Another example is the drastic measures being taken by Edinburgh IJB where almost all mental health services provided by Thrive Collective have been cut. The Thrive Collective supported almost 4500 people last year. Early support and prevention services, and not the services mandated by statute, are where the axe falls first.
Children’s services are the second most impacted by council budget cuts according to the same Audit Scotland report, with cost savings of £58 million being made across Scotland. We can all anticipate what impact this will have on the ability of already strained services to protect and support children and young people.
The evidence tells us that reducing early support drives people into crisis and feeds increasing demand for more intensive and expensive statutory interventions. The cost is human too. People who cannot access early support must suffer the trauma of a crisis before services can help, and the teams of workers who witness this face almost endless moral injury. No one enters social work or any similar role to tell people they need to be worse before they can get help. This reality is feeding the crisis in recruitment and retention in the social work profession.
What we are seeing in Edinburgh and other places is the reduction in services which provide early support and intervention to save money. However, the cost saving generated by early support is documented by Audit Scotland in their 2025 report. A section on how councils are using innovative measures to reduce costs highlights that ‘East Ayrshire Council is also progressing its £40 million Early Intervention Fund which supports projects that reduce dependency on council services.”
Reports the previous year showed Scottish Government funding for councils had increased by 5.7%. However, council finances remained constrained as most of the increase was restricted funding to deliver on Scottish Government priorities or agreed pay deals.
Most councils decided to raise additional funds by increasing the council tax to balance budgets and minimise cuts swiftly followed by a Scottish Government funded freeze on council tax. However, 11 councils said the money from the Scottish Government would not ‘fully fund’ the freeze. There were also warnings from some that freezing the council tax now only delays addressing a fundamental funding problem with the cumulative effect of inflation and increasing costs meaning that even larger rises would be needed in future to catch-up.
Last year councils collectively faced a £585 million funding gap, an estimated 3.5% of the annual revenue budget for all Scottish councils. This was anticipated to rise to £780 million by next year, reaching 5% of the overall budget. Budget deficits are expected to continue to be challenging with a cumulative budget gap of almost a billion pounds expected over the next two years.
This year, 2025/26, there was an increase of 6% in Scottish Government funding from just under £15.1 billion to £15.2 billion, which has proven to be insufficient, with inflation, increasing demand and pay deals continuing to outpace funding increases.

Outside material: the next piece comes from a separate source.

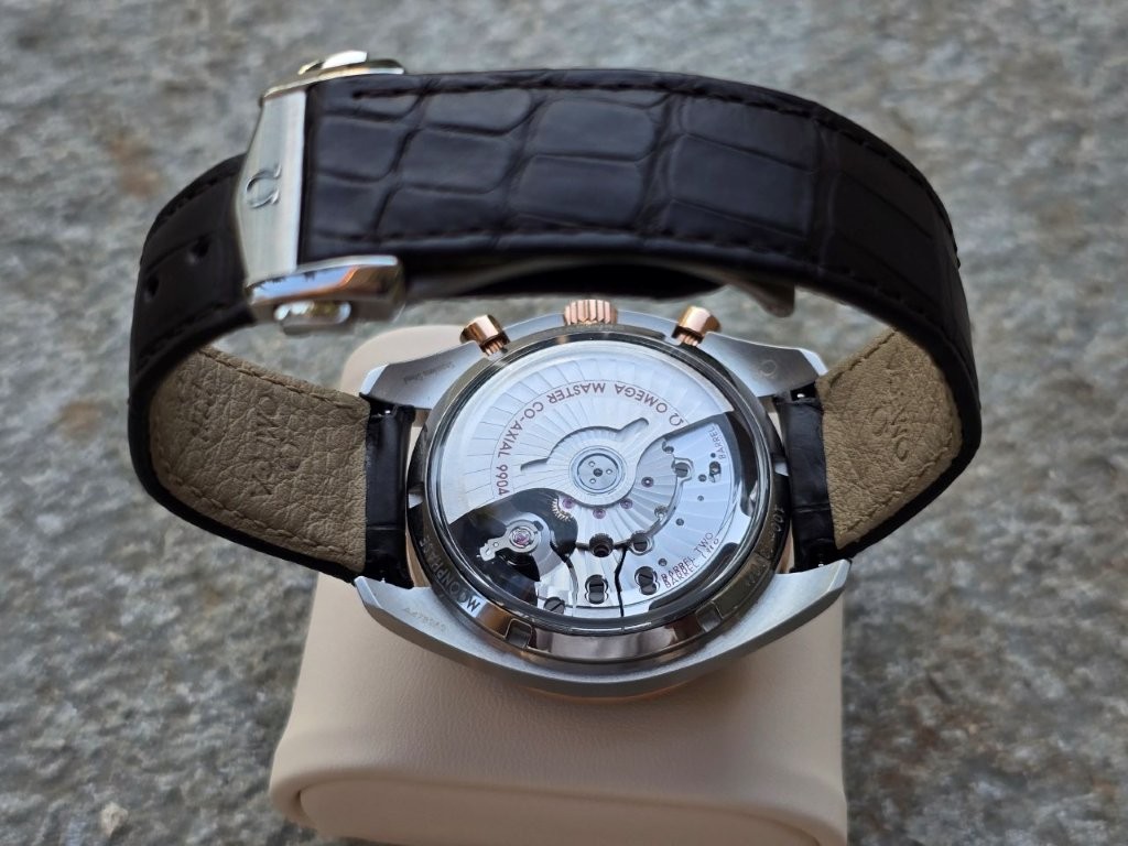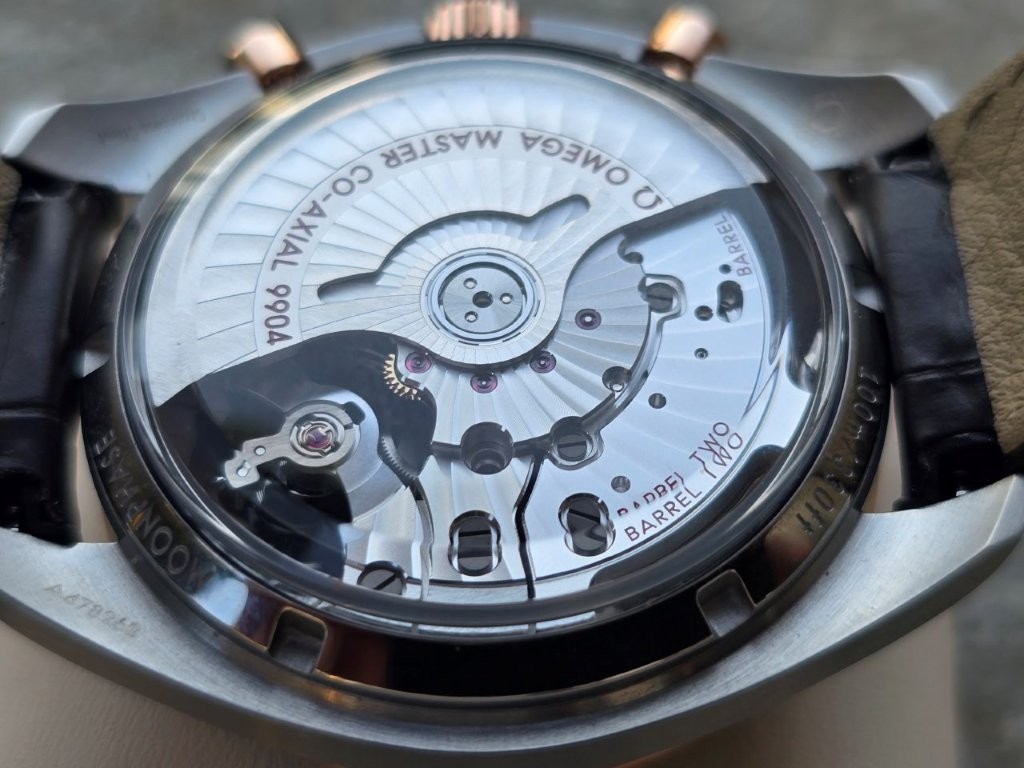 Η Omega πραγματικά κατάφερε να κρατήσει έναν εξαιρετική ισσοροπία στο ρολόι αυτό, όπου ο χρυσός Sedna (πιο ρόζ παρά κίτρινος) παίζει τέλεια με το ατσάλι και το καφέ καντράν/λουράκι, χωρίς αφ'ενός να υπερνικά απο καμία γωνία "ξεβγάζοντας" τους καφέ τόνους και αφ' ετέρου να "χάνεται κάπου" μέσα στο καφέ. Επίσης, να πούμε ότι επειδή δεν μας αρέσει ιδιαίτερα το κίτρινο χρυσό επάνω μας, το ρόζ Sedna μόνον στο Bezel, τους δείκτες/indices και την κορώνα/κουμπιά είναι το maximum που εμείς θα φοράγαμε ποτέ σε ρολόι ή γενικά (και μόνον από ηλικία που αρχίζει από 5(0) και πάνω)!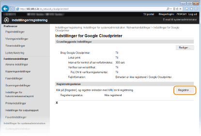 Registrering af maskinen til Google Cloudprinter

There was no council tax freeze either this year and councils leapt to increase this local tax to cover the gaps in their budgets. The average council tax rise in 2025 was 9.5% with increases varying from 6% to 15.6%. However, council tax only accounts for around 19% of the local authority revenue source, with the rest coming from rates, fees and the majority from the Scottish Government grant.
These increases garnered huge media attention when they were announced which added to a mismatch between what people in Scotland expect in terms of improved services, and the harsh reality that these large increases in local tax are only reducing the level of cuts that are needed to balance budgets. This could be a dangerous cycle, fuelling the frustration and distrust which feeds populist narratives. National polling in Scotland shows that the public are disillusioned with the parties in power. Scotland’s Governments would do well to take these issues seriously.
Rethinking local government resourcing and the funding of community services is urgently needed. As a nation, we must bite a bullet to invest in early support and preventative services to reduce the demand and increasing cost, both financial and human, of crisis management. Scotland has the tools to make many of these changes but needs bold and visionary leadership to change this trajectory.
SASW will be calling for a rethink of how Scotland funds local government and community services in our manifesto for the 2026 Scottish Elections. We aim to publish this later in the Summer.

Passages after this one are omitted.